Often thought of as the fuel of the Industrial Revolution, today coal remains an enormously important energy source; it is the most common source of electricity world-wide. In the United States, for example, the burning of coal generates over half the electricity consumed by the nation.

Many countries are vigorously pursuing cleaner coal technologies (CCT)—technologies designed to enhance both the efficiency and the environmental acceptability of coal extraction, preparation, and use for power generation—with large financial investment being spent annually on developments in utilization techniques. These technologies have the potential to reduce emissions and waste, and increase the absolute amount of energy gained from each tonne of coal. Figure 1 graphically depicts the many opportunities for Canadian coal. It is important to look at these efforts as collaborative; adding value through the creation of synergies achieved through the operation of a broad ‘coal’ portfolio that maximizes feed interaction and product outputs.

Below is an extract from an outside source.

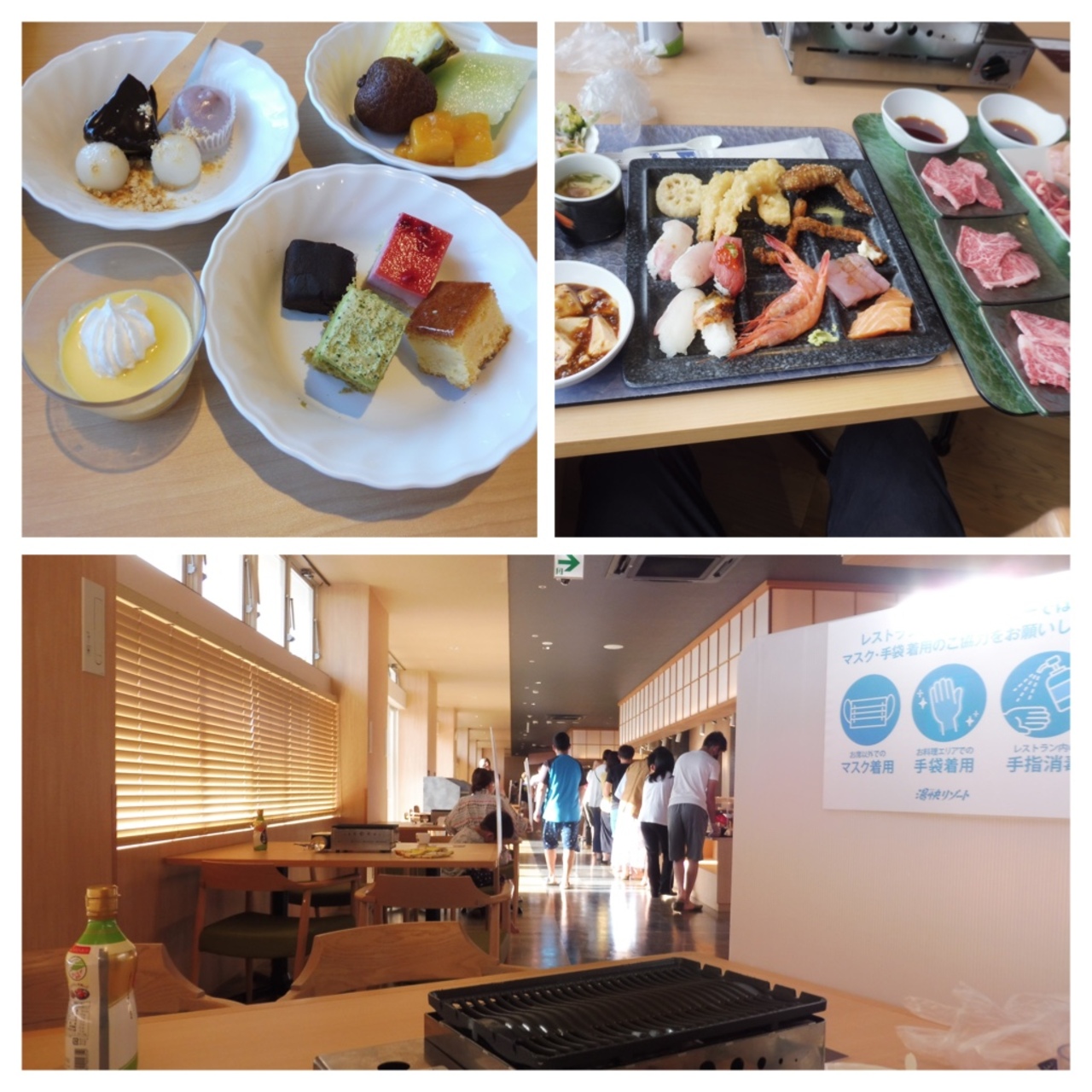 食事・・・熊野牛の焼肉、刺身、お寿司、天ぷら、etc. バラエティに富、スウィーツ、デザート、アイスクリームと、品数の多いのには驚き、子供にも対応した料理も多く、家族連れが多いのも頷けました。また来たいなと思わせる充実ぶりです。

Over the last few years, it would seem that the challenges and opportunities for cleaner coal have been focused on carbon dioxide emissions and the need to reduce these to meet climate-change agendas. However, the agenda of the coal and power industry is to address the broader, and more relevant, issue of sustainability of the coal resource. This includes the socio-economic and environmental aspects associated with the coal industry: air emissions, water management, solid waste management, thermal management, environmental mining techniques, and reclamation management.

Power Generation

An impressive array of technologies is already commercially viable for coal-fired power generation; a large number of others will become available in the near future. Figure 2 shows the potential growth in coal-to-power technology innovation and the associated reductions in carbon emissions. Perhaps the biggest challenge of this growth is changing the perception that emitting carbon has a negative value; carbon dioxide is a resource that has a market. The key to its development is ensuring that the source and sink for the carbon dioxide are married in a technical and economically viable manner. This is the intent of carbon sequestration technologies show schematically in Figure 3.

Pulverized Coal Combustion (PCC)

These technologies are currently available commercially, and have been previously demonstrated with proven reliability at a commercial scale. Worldwide, most coal-fired power plants greater than 200 MW use pulverized coal combustion technology and generate electricity in a steam turbine. These plants, when operated with Alberta sub-bituminous coal, burn the coal effectively, with almost 100 per cent carbon conversion. In a sub-critical PCC plant, typically about 35 per cent of the higher heating value of the coal is converted to electricity, with the remainder rejected as low quality heat and relinquished to cooling ponds and/or cooling towers.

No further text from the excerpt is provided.